Alors c'était elle aussi ?
- Décidément t'es partout, toi.
- En toute groupie qui se respecte.
- Tu fais Bercy en décembre ?
- J'pense pas.
- Donc on ne se reverra pas, je conclus.
Elle expulse de ses lèvres une longue et interminable fumée blanchâtre qui me trouble la vue quelques secondes.
Cette fille fume comme un pompier.
- Sauf si tu veux qu'on se revoit, réplique-t-elle calmement.
Je marque un léger temps de pause. La sincérité et le calme dont elle fait preuve sont saisissantes.
Je gratte la semelle de mes docs sur l'asphalte comme pour me débarrasser de l'embarras qui me serre aux chevilles à présent.
- T'aimerais qu'on se revoit ?
- Si je dis oui, il se passe quoi ?
Je ne réponds pas.
Je ne me suis jamais retrouvé dans cette situation avec une fan. Je ne la connais pas, j'ignore absolument tout d'elle, si ce n'est qu'elle fume à s'en cramer les poumons et qu'elle est encore dans le circuit scolaire.
J'suis un détraqué de parler à cette gamine, et d'imaginer le simple fait qu'on puisse se revoir.
Mais pourquoi alors, je ne réfute pas cette idée ?
- Laisse, je plaisantais. Qu'est-ce qu'un mec comme toi irait faire avec une fille comme moi ? Elle pouffe et jette son mégot. Je suis hors jeu, dès le départ. D'ailleurs ça me surprends que tu aies tenu la conversation. Ça m'a fait plaisir, vraiment.

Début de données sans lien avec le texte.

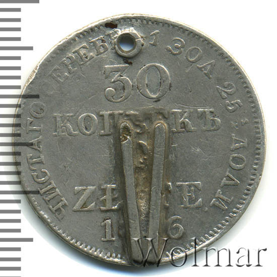 30 копеек - 2 злотых. Заделано отверстиебуквы MW Аукцион: Wolmar Standart Состояние: F/VF | 08.10.2025 |
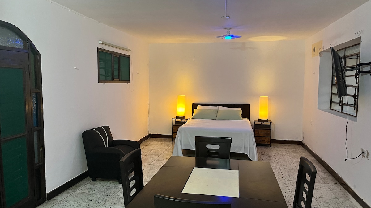 Cómoda y bonita habitación con magnifica ubicación. espacio tranquilo y seguro. Confortable cama, aire acondicionado, ventilador, hamaca mesa de trabajo ,closet plancha, secadora de pelo, wifi, cocineta : frigo bar, horno de microondas, sarten eléctrica, cafetera. Terraza independiente. Magnifica ubicación, a dos cuadras de plaza comercial , Fácil acceso a transporte publico. A siete minutos de avenida PASEO DE MONTEJO, a 10 del centro histórico. Tienda de conveniencia 24 horas.
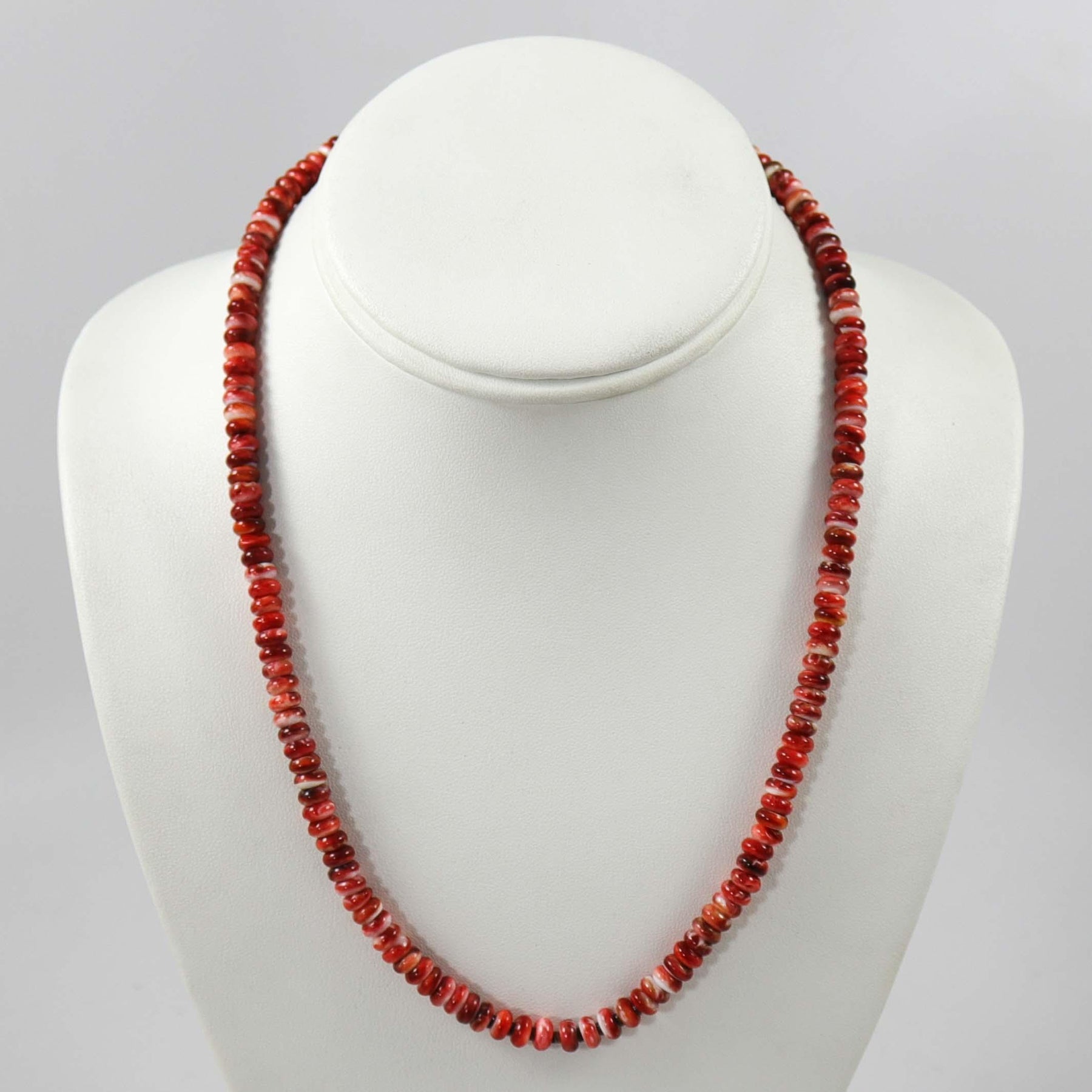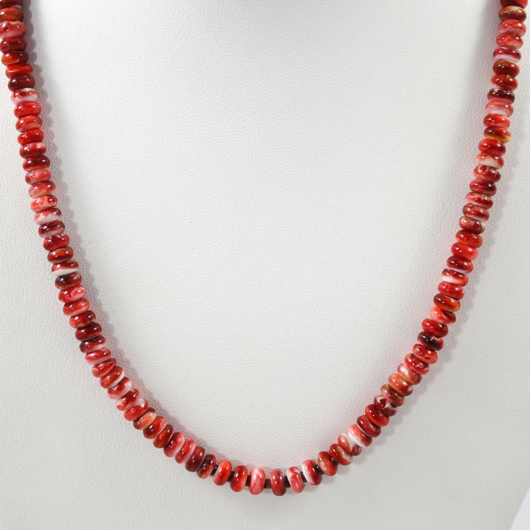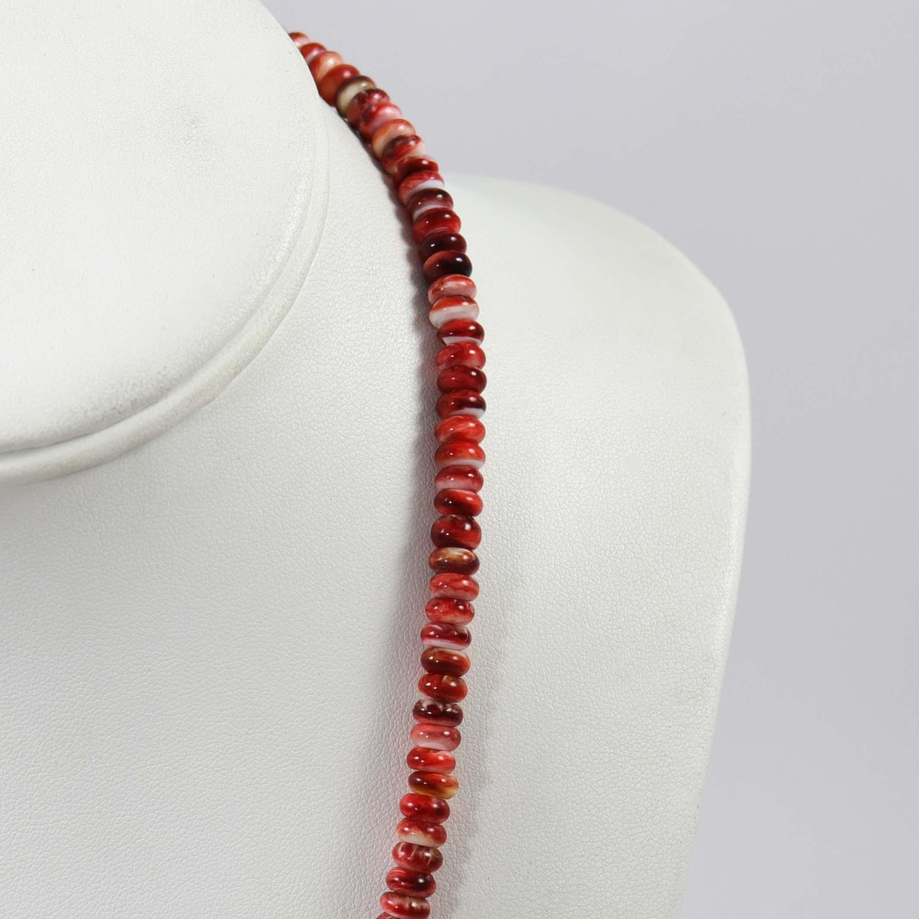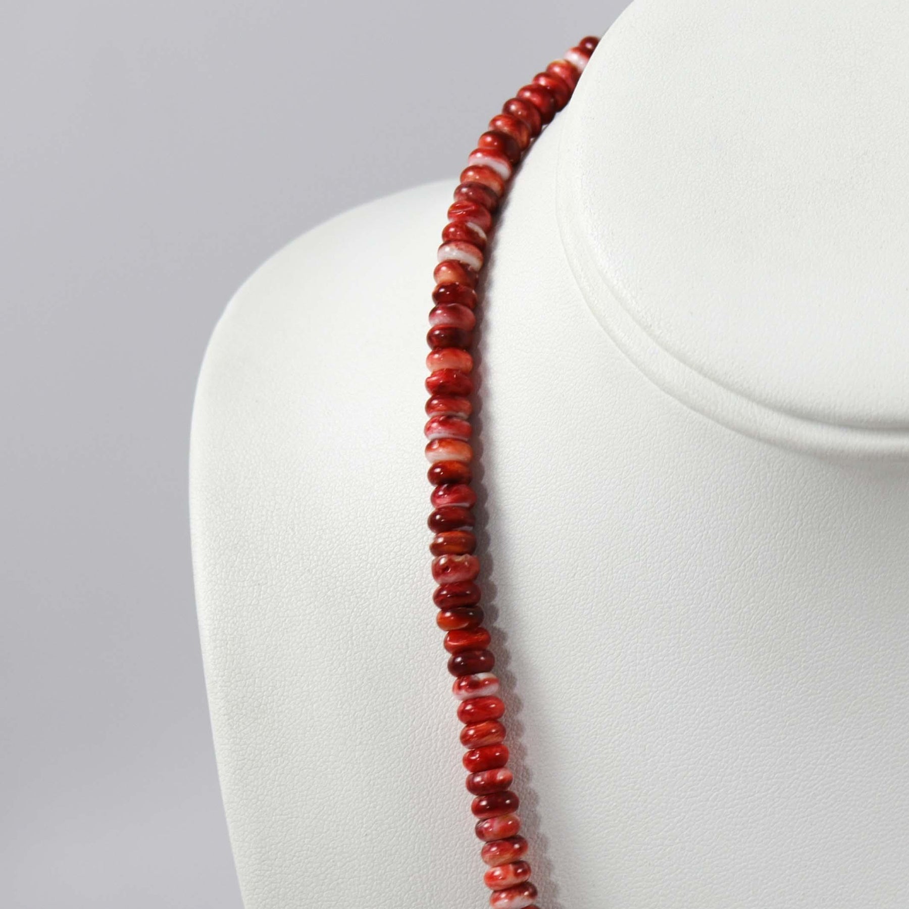Single Strand Bead Necklace with Hand Rolled Red Spiny Oyster Shell Beads with Pen Shell Heishi Beads and a Sterling Silver Clasp.

Elle sort des écouteurs de son sac et les enfile sous mes yeux confus.
- Tu t'en vas ? Je demande alors, la parole retrouvée.
- Oui, il est tard, j'ai cours demain.
- T'es loin d'ici ? Je t'appelle un uber ?
Mon excès de bienveillance pour compenser la bâche que je viens de lui mettre excède ma conscience qui ne manque pas de me le faire remarquer à coup de forceur répétitifs dans un coin de ma tête.
- C'est bon je suis à un quart d'heure, c'est gentil.
J'hoche la tête en guise d'acquiescement. Elle me sourit une ultime fois avant de s'engager sur la route pour traverser, sans même regarder les voitures qui l'évitent de justesse.
Elle est chelou cette meuf, mais ce n'est pas ce qui m'inquiète.
J'suis inquiet parce que son étrangeté me fascine.